Even though Pysec (and functional programming in python in general) turned out to be 2-3x slower, monadic parsing is still great for certain tasks. After I wrote about Pysec the first time, I received comments regarding pyparsing, which is a great parsing library that looks very similar. Today, I'd like to show you a very simple example where monadic parsing really shines above all other parsing techniques, including pyparsing. This is a real-world need that I had, not just an academic thought-experiment.

The situation is that I'm writing a peer-to-peer file synchronizer and I need to serialize binary data in an efficient way. I've choosen to use what I call "sized binary", which is basically netstrings without the comma or bencode's byte string. The byte-string "ABC", for example, would be encoded as "3:ABC", or "Hello World!" would be "12:Hello World!". This is very efficient because "ABC" or "Hello World!" can be any bytes \x00-\xFF, without any sort of encoding or decoding like uuencode.

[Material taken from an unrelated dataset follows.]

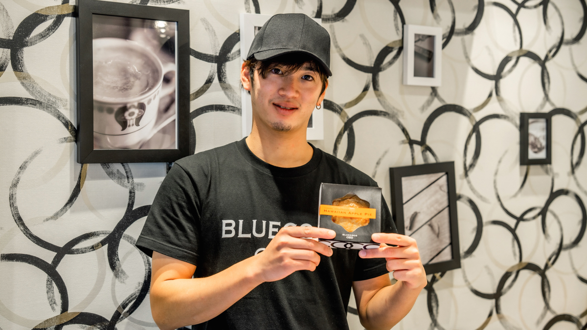 父親の東京進出を支えているのが、パティシエ歴7年という息子の柴沼海帆さん。丁寧かつ分かりやすい説明でお店に並ぶさまざまな商品を紹介してくれました。そして、手に持っている黒いケースが看板商品のひとつ。ハワイ旅行で食べたという思い出の味をもとに、日本人の舌に合わせて改良を重ねた「ハワイアン アップルパイ」770円です!

Stop and think for a minute how you would define a grammer to parse "3:ABC". It's so simple, right? Well, try and write a grammar for it. Try using BNF, EBNF, yacc/bison, pyparsing, SimpleParse, or any parsing libarary you know of, in any programming language. If you manage, please write me an email and let me know how you did it, because I'm not so sure it's even possible. Maybe it is in the Perl6 grammars; they're throwing the kitchen sink into that thing :). The best I've seen is that the creator of pyparsing hacked a grammar object to change how it parses the "ABC" part after a different object parsed the "3" part. This basically uses the grammar object as a global variable. It works in a single-core world, but it won't work in the many-core world we're headed for.

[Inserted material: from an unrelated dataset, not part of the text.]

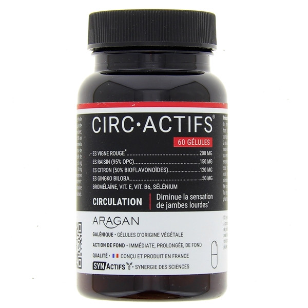 Synactifs CircActifs x60 gélules a été conçu par le laboratoire Aragan pour aider à lutter contre le gonflement des jambes, des chevilles, des pieds dû à une mauvaise circulation sanguine. Ce complément alimentaire contribue à l’amélioration de la microcirculation, à la réduction de la sensation de jambes lourdes et au maintien de la santé du système veineux.

But now you're getting bored with me because it's silly ringing my hands over such a simple format. I bet you could parse this format in just 4 lines of code:

def parse_sized_binary(stream):
    size_bytes, stream = stream.readUntil(":")
    size               = int(size_bytes)
    bytes, stream      = stream.read(size)
    return bytes, stream
You're right, it's really simple, at least until you have to embed this little "sized binary language" inside of a bigger language. Perhaps, like me, you need to embed binary data inside of a bigger data structure, and so you need to define a serialization for things like ints, floats, lists, and hash tables. For that stuff, you can define a grammer for a language like JSON or YAML and hand it over to a grammar-based parser library. But now you need a way to tell the library, "OK, when you see my binary data, hand control over to my four lines of code, and then I'll hand control back". You might even say "You know, why don't you just let me hand you any function of the form stream -> (value, stream) and let me control the parsing for a while".

Congratulations, you just invented monadic parsing. The function you wrote, parse_sized_binary, of the form stream -> (bytes, stream), is a Parser Monad. Monadic parsing is just combining lots of these little parsers together. And so, it's incredibly easy to insert arbitrary parsing code, like parse_sized_binary, into any parser.

As a complete example, using Pysec, here's a full parser for a language just like bencode but with support for floats and unicode. Notice that our parse_size_binary is renamed to bencode_sized and is given a more functional definition.

from Pysec import Stub, until, lift, read, many_until, branch

bencode_any     = Stub()
bencode_sized   = until(":") >> lift(int) >> read
bencode_unsized = until("e")
bencode_list    = many_until(bencode_any, "e")
bencode_any.set(branch({"s" : bencode_sized,
                        "u" : bencode_sized >> lift(lambda bytes : bytes.decode("utf8")),
                        "i" : bencode_unsized >> lift(int),
                        "f" : bencode_unsized >> lift(float),
                        "l" : bencode_list,
                        "d" : bencode_list >> lift(dict)}))
I think this is sort of like Greenspun's Tenth Rule. Any implementation of netstrings/sized-binary-data probably has an ad-hoc implementation of monadic parsing in it. Even my own non-monadic version of this parser (which I use for performance reasons) has an ad-hoc implementation of monadic parsing. I'm convinced that if you write a parser for a similar format, you'll implement/invent monadic parsing as well, even if you don't know it.